The team also explored how ERRα and ERRγ influence gene expression. Using CUT&TAG sequencing – a technique for mapping transcription factor binding sites – they demonstrated that ERRs bind to thousands of genomic loci, including promoter and enhancer regions of mitochondrial genes involved in respiration, the TCA cycle and fatty acid oxidation. Many of these genes are regulated by ERRα/γ heterodimers, indicating that their cooperation is not just functional, but directly genomic.

A key part of the study explored the interaction between ERRs and PGC1α, a coactivator known to stimulate mitochondrial biogenesis. The researchers found that PGC1α could not induce mitochondrial genes without ERRα, confirming a necessary partnership [1]. Although ERRγ could act independently, the presence of PGC1α amplified ERR activity. This suggests potential for combination therapies – pairing ERR agonists with AMPK activators or NAD+ boosters to enhance both the quantity and performance of mitochondria.

While ERRs are effective modulators of mitochondrial energetics in their own right, their performance may be further amplified in combination with upstream signals. “PGC1α absolutely needs ERRα to drive a robust mitochondrial biogenesis response,” Fan said. “On the flip side, ERRs on their own can still function without PGC1α, but they become even more active when PGC1α is present. That tells us there’s real potential for a synergistic effect when both are activated together.” This synergy could inform combination therapies that pair ERR agonists with AMPK activators or NAD+ precursors to enhance both mitochondrial quantity and function.

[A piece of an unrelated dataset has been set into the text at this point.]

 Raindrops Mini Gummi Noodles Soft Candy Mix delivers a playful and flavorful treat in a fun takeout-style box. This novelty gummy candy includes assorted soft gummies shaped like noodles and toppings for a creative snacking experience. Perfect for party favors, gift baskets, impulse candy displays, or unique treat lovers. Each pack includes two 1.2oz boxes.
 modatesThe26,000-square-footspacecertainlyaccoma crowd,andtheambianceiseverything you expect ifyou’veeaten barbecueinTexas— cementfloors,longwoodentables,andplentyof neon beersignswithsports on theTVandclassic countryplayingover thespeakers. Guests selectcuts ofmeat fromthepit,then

Such synergy could shape next-generation therapeutics for sarcopenia, especially when combined with upstream metabolic activators like NAD+ boosters or AMPK agonists. “It might lead to stronger, more sustained improvements in muscle function and energy metabolism,” said Fan. “That would be a big win for aging populations or anyone dealing with muscle loss related to diseases.”

Beyond muscle: potential for brain and aging pathways

Beyond muscle, ERRγ is also expressed in high-energy tissues like the brain, where mitochondrial dysfunction plays a key role in neurodegenerative diseases. However, the challenge lies in access – many synthetic compounds struggle to cross the blood–brain barrier, limiting direct ERR targeting in the brain. Still, there may be another way in. “There’s growing evidence of muscle-to-brain communication,” Fan noted, referencing myokines – muscle-derived factors that can cross into the brain and positively influence cognitive function. This opens the door to broader therapeutic potential for ERR activation, extending benefits beyond mobility and strength to brain health.

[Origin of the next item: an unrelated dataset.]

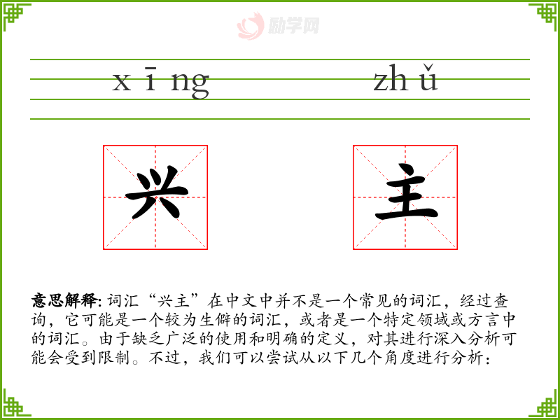 由于“兴主”不是一个常见词汇,对其的理解可能非常有限。在语言学习和表达中,可能需要具体的语境来解释其含义。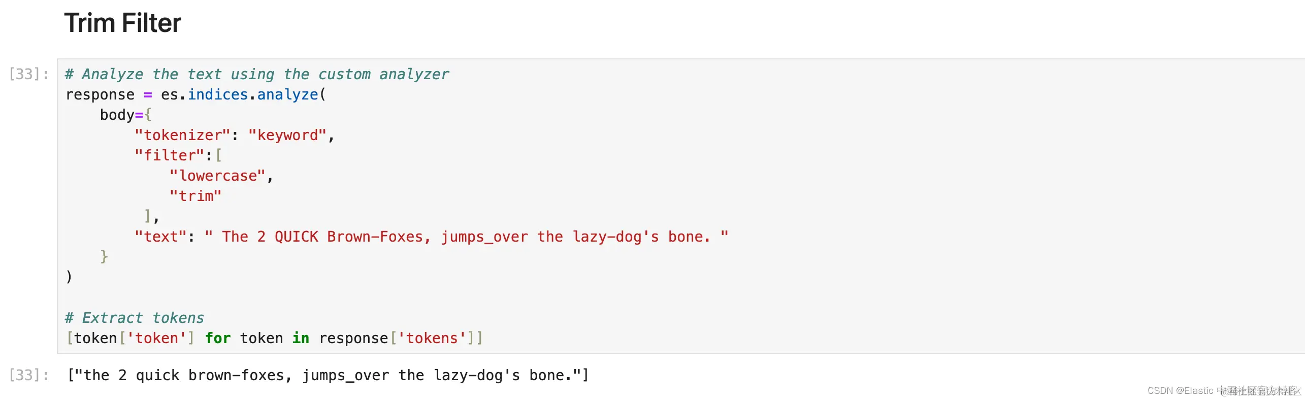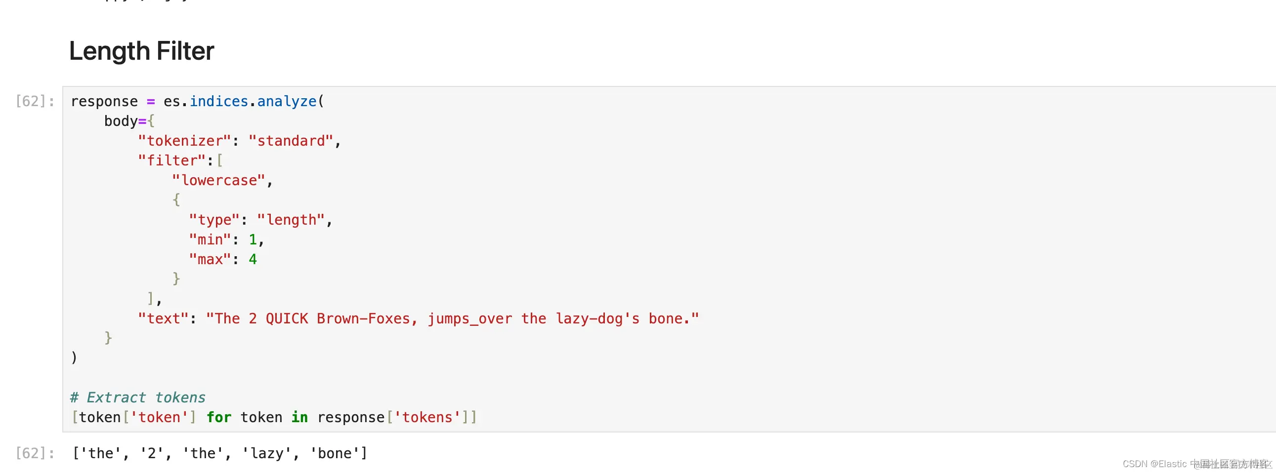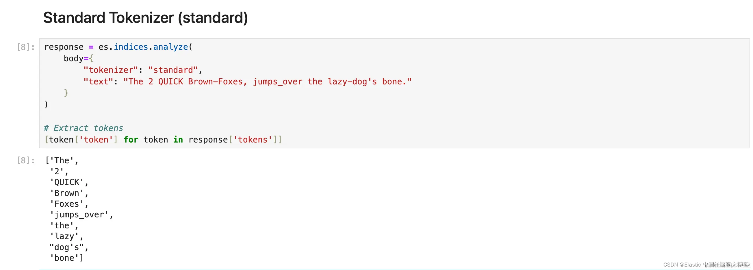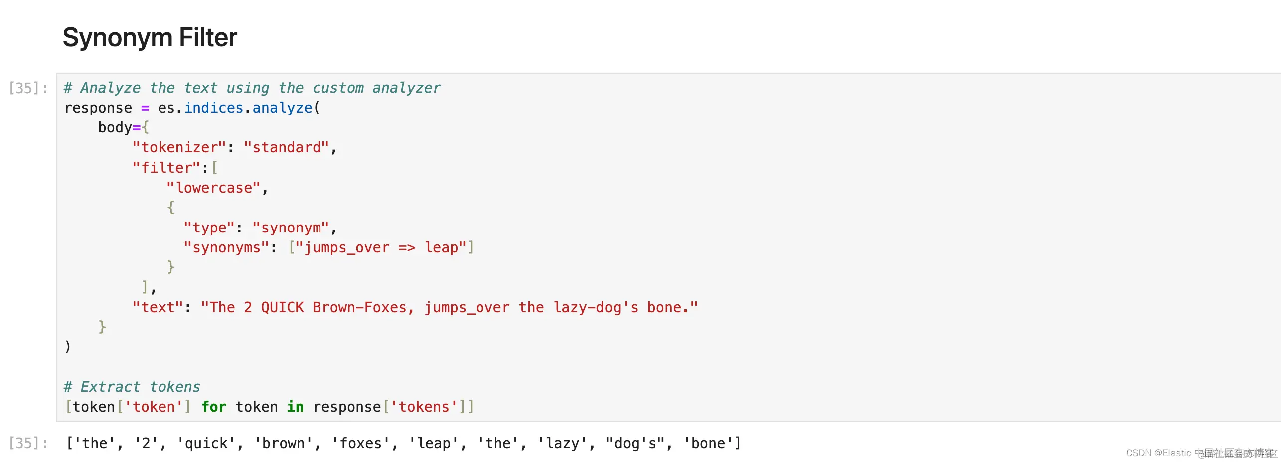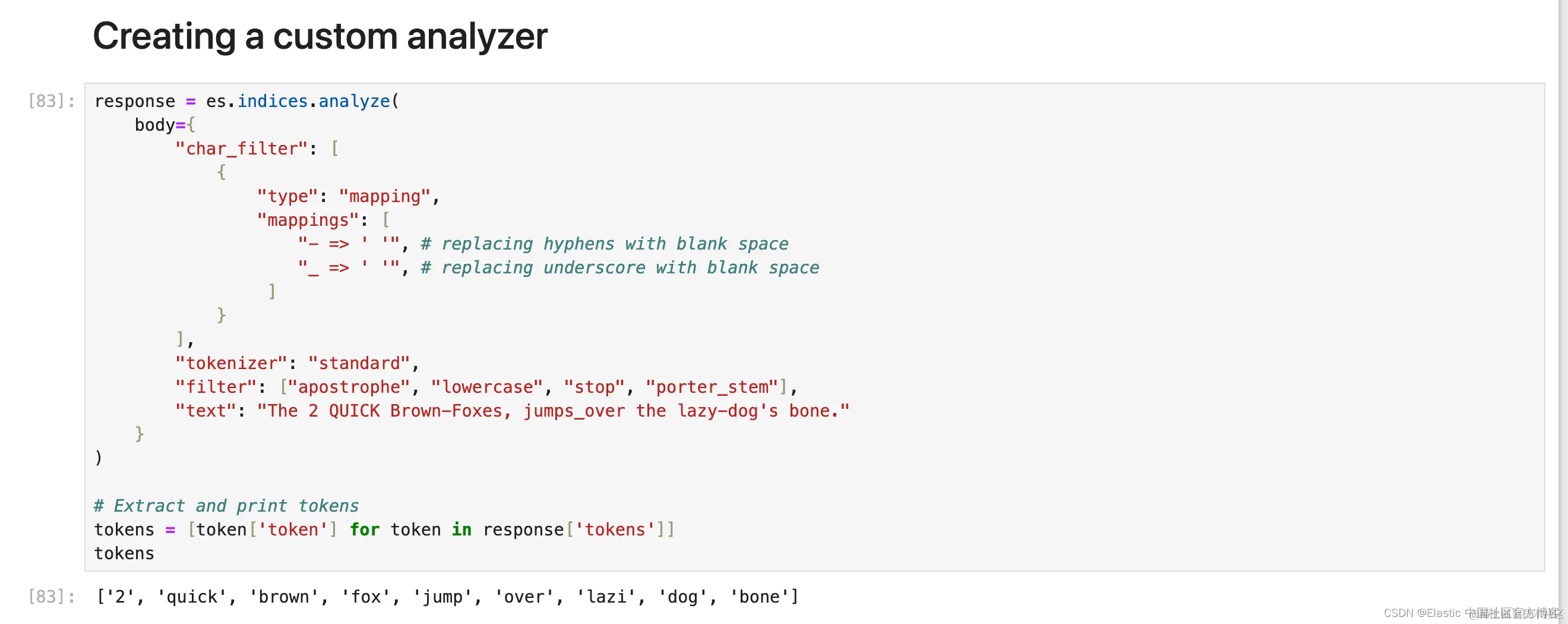 1. response = es.indices.analyze(

“Estrogen-related receptors look a lot like classic estrogen receptors, but their function has been much less understood,” said senior author Ronald Evans, professor and March of Dimes Chair in Molecular and Developmental Biology at Salk. “Our lab discovered estrogen-related receptors in 1988 and was one of the first to recognize their role in energy metabolism. Now we’ve learned that estrogen-related receptors are indispensable drivers of mitochondrial growth and activity in our muscles. This makes them a really promising target to treat muscle weakness and fatigue in many different diseases that involve metabolic dysfunction [2].”

If mitochondria are the engines of life, then ERRs are looking increasingly like their ignition switches. By mapping and modulating these regulatory levers, researchers are moving closer to therapies that could restore strength, energy and independence – core ingredients in any blueprint for a longer, healthier life.